** Your instructions **
Reproduce exactly the lines of this material that begin at the line with "開会行事、あいさつ等のあと、" and end at the line with "铭鑫RTX3050 8G D6 辉煌版 双扇", both included. Omit the pictures and everything else.

** Records shown **
..............................

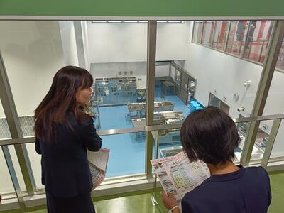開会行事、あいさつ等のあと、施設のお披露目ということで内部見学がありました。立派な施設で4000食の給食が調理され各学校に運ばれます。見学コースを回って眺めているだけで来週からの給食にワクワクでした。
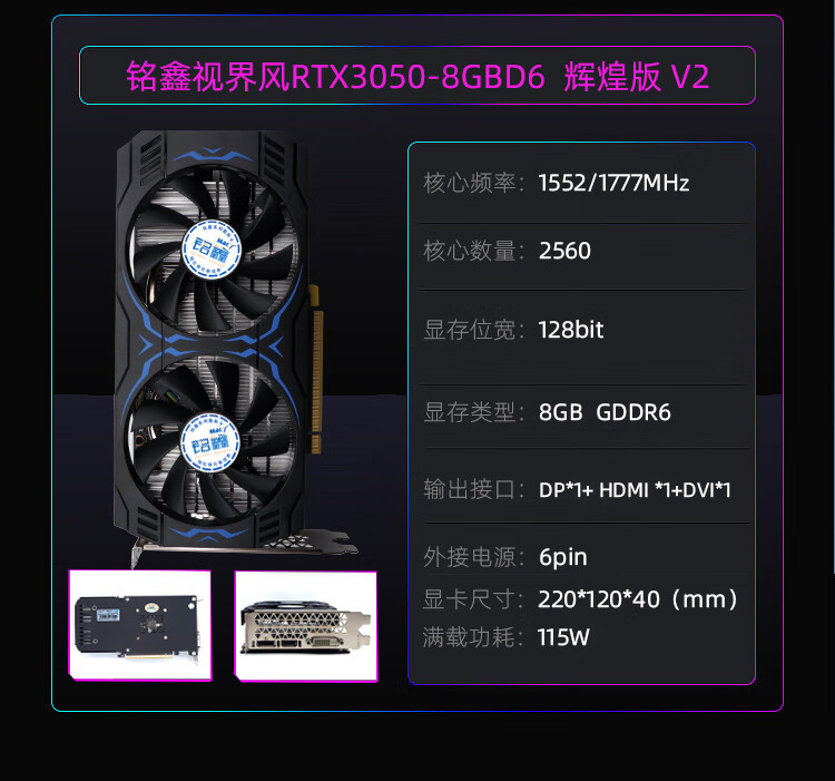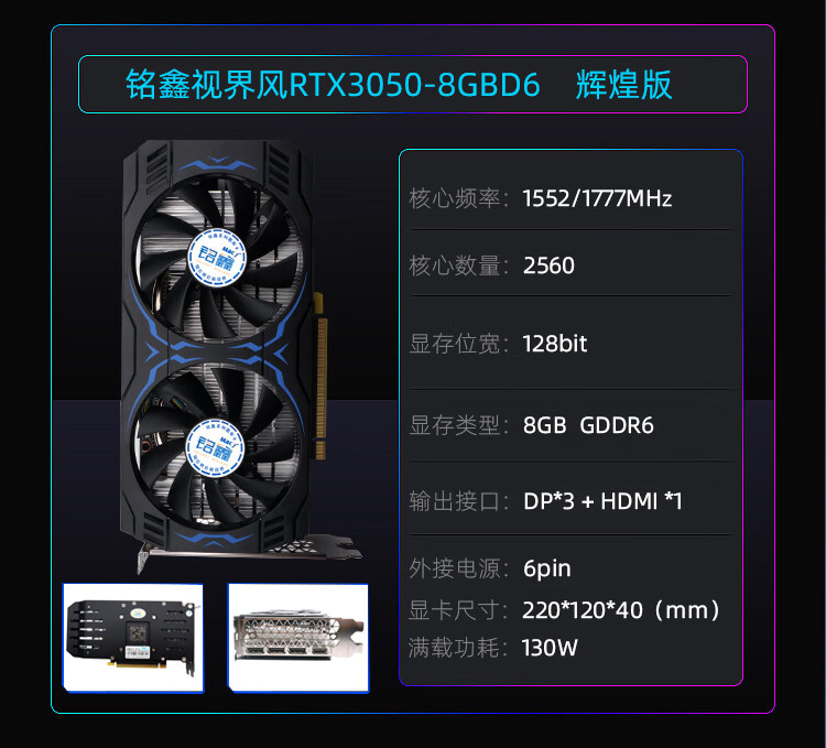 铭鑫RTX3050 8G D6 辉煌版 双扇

..............................

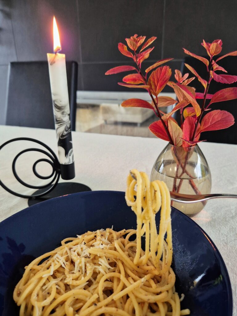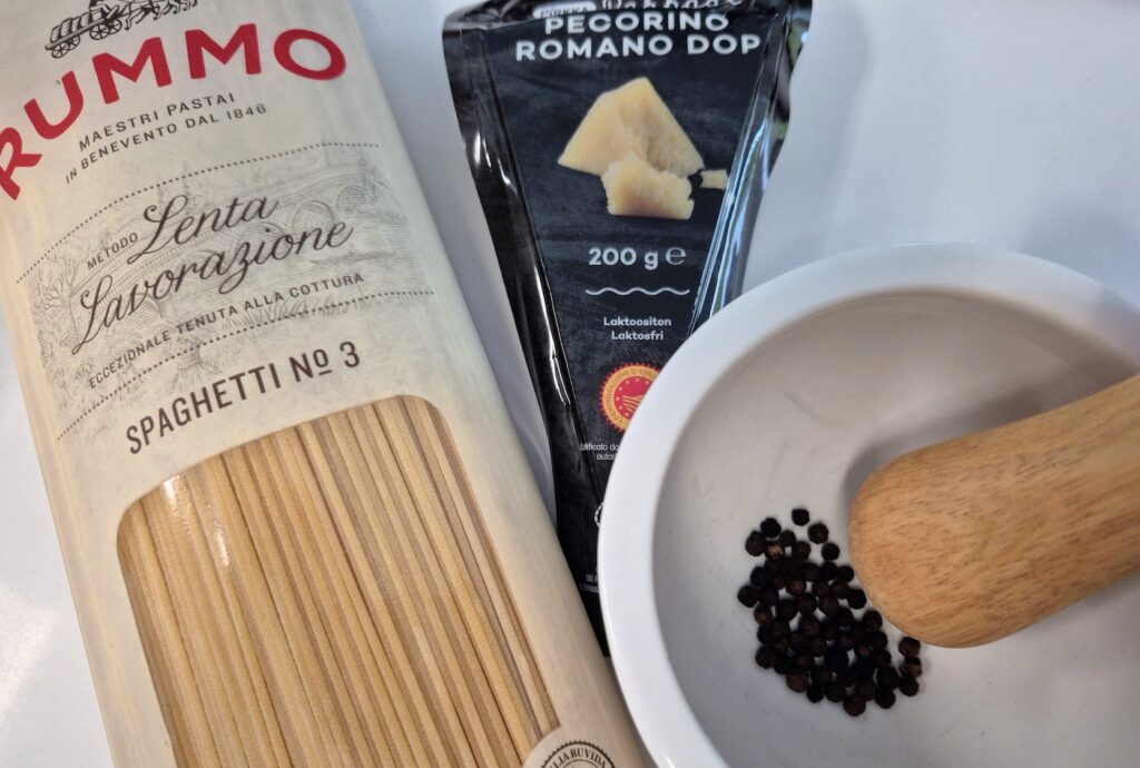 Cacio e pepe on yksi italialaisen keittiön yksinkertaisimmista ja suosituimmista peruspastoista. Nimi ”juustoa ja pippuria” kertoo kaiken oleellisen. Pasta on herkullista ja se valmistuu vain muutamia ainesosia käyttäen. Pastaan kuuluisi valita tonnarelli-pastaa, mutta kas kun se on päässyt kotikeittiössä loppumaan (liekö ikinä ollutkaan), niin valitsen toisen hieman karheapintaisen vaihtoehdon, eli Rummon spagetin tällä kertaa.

..............................

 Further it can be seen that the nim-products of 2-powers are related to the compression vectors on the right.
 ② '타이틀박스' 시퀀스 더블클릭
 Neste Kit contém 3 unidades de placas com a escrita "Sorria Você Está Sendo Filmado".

..............................

** Response to this task **
開会行事、あいさつ等のあと、施設のお披露目ということで内部見学がありました。立派な施設で4000食の給食が調理され各学校に運ばれます。見学コースを回って眺めているだけで来週からの給食にワクワクでした。
 铭鑫RTX3050 8G D6 辉煌版 双扇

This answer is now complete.